*** DATA SEGMENT ***

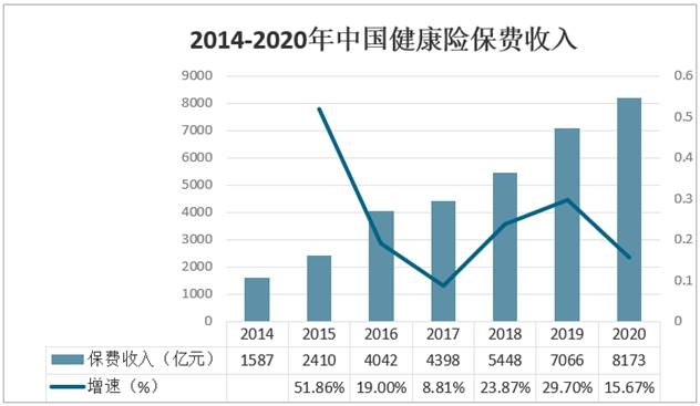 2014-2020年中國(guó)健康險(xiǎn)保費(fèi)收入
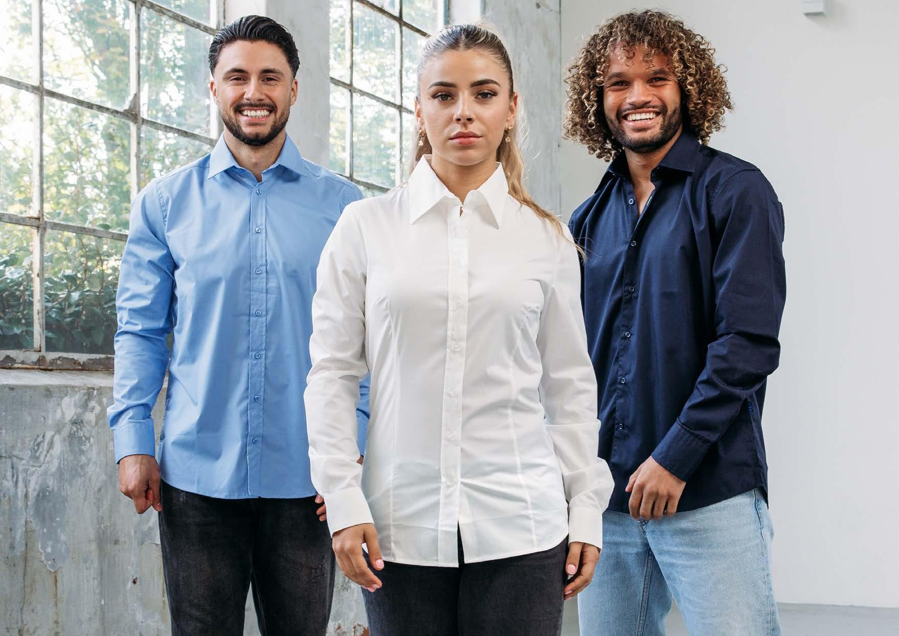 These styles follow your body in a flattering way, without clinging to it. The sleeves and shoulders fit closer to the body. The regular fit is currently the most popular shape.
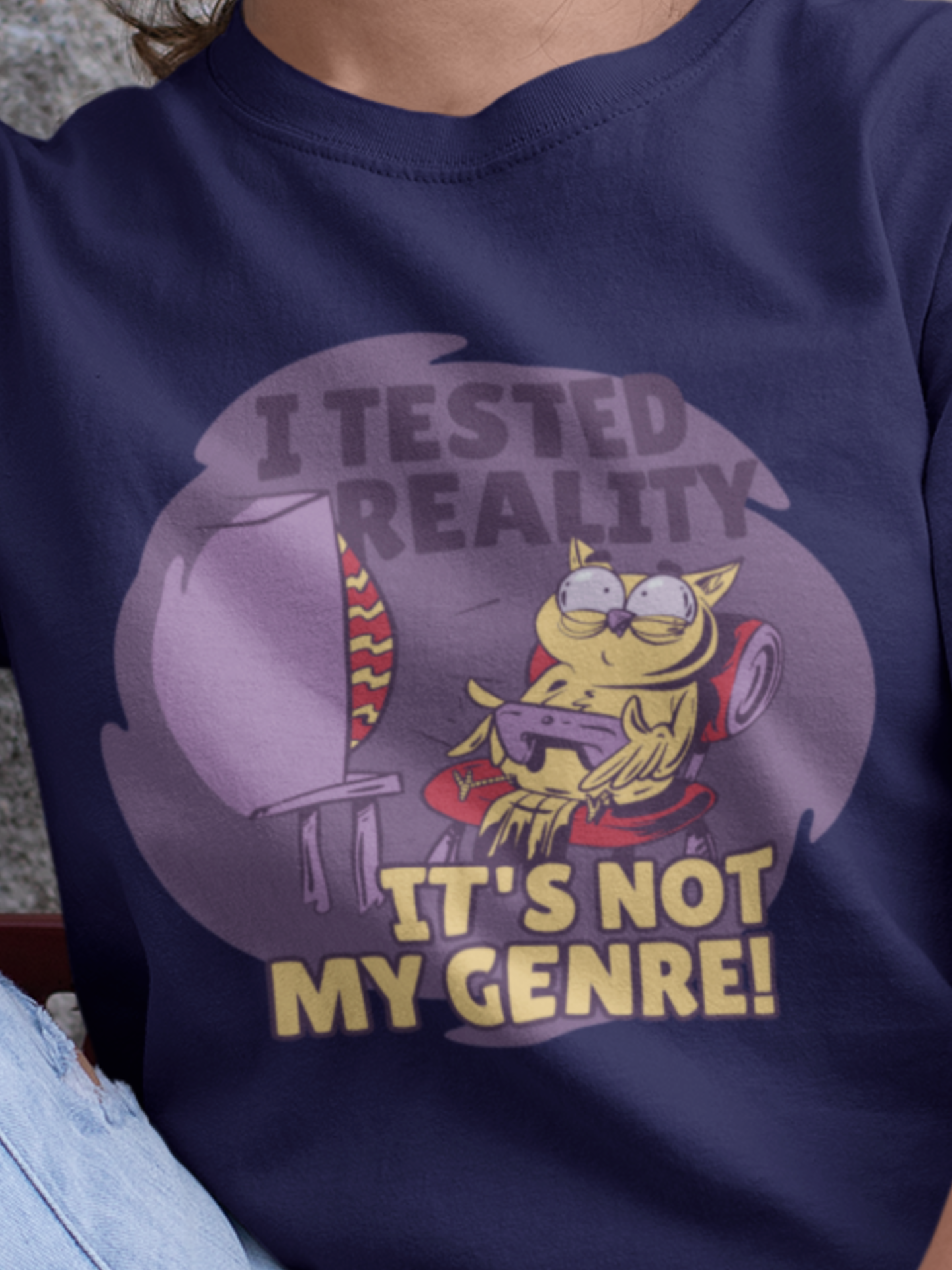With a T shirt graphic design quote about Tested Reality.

*** End of DATA SEGMENT ***

_AIM OF THE EXERCISE_
From the first line to the last, copy the listing above exactly, dropping all images.

_FINISHED EXERCISE_
 2014-2020年中國(guó)健康險(xiǎn)保費(fèi)收入
 These styles follow your body in a flattering way, without clinging to it. The sleeves and shoulders fit closer to the body. The regular fit is currently the most popular shape.
With a T shirt graphic design quote about Tested Reality.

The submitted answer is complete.